We began our adventure with two weeks visiting family in Park City.    We hiked, we biked, we took boat rides.

This was going to be easy. 

Then we returned home, I took the path of least resistance.  No rules.  No regulations.  NO technological time limits.  I let my kids go with the flow. 

They slept in.  They stayed in their pajamas.  They ate breakfast for lunch.  My daughter was delirious.  She stayed in bed all day with her laptop.   The internet was her new boyfriend and she could survive the entire day without food or water escaping her lover's amorous grasp only to pee. 

My son had his own romance with the Wii.  He, and sometimes his friends, would play Madden '09, Ghost Squad, and NBA basketball for hours only emerging from the playroom for snacks and water.

But too much of a good thing... soon the drug of hedonism wore off.  My kids needed more to satisfy them.  And even then, the high just wasn't the same.  My daughter lagged.  My son whined.  I became cranky.

We needed to GET OUT OF THE HOUSE. 

So, despite their screachy protestations (my neighbors must have thought I was taking my son for repeated limb amputations the way he yelled and shrieked), I dragged my kids to Chinatown, the Grammy Museum, the Petersen Auto Museum, Hurricane Harbor, the Malibu Tide Pools.  We even hit our local beach which is something we NEVER do. 

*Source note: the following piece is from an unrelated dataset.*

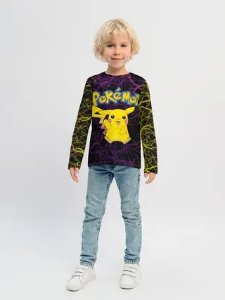 Детский лонгслив / Цветные молнии Пикачу

They loved Hurricane Harbor but predictably whined at the museums.  My son just wanting to hit the gift shop and my daughter only interested in how the colors of the cars matched her nail polish collection.  And though the beach sounds like a relaxing afternoon for most, my kids hated it, so, it was no day at the beach.  

Thankfully, as we were all at our wits end, my husband came home one night in the beginning of August, and after years of begging him for a trip to Hawaii, he decided it was time to oblige.  We used our miles, found a hotel, and off we went for five glorious days in Kona. 

And now, here we are.  Less than a week away from the start of school.

How do I rate my summer?

Well,  I can't honestly call my experiment a success, but I wouldn't call it an absolute failure either.  It was an experience.  Not all good.  Not all bad.  Just different. 

Would I do it again? 

I'm not sure. 

Am I looking forward to school?

Yes.

and No.

Maybe I'm no smarter than I was in the beginning of the summer.  Maybe I have no real wisdom to share.  But in the end, we all survived.  We're all happy.  We're all still talking to each other.

And, the one thing I CAN take away from this experiment is...My kids can never again say I never give them anything.

And rest assured...I'll figure out how to use that to my advantage somehow.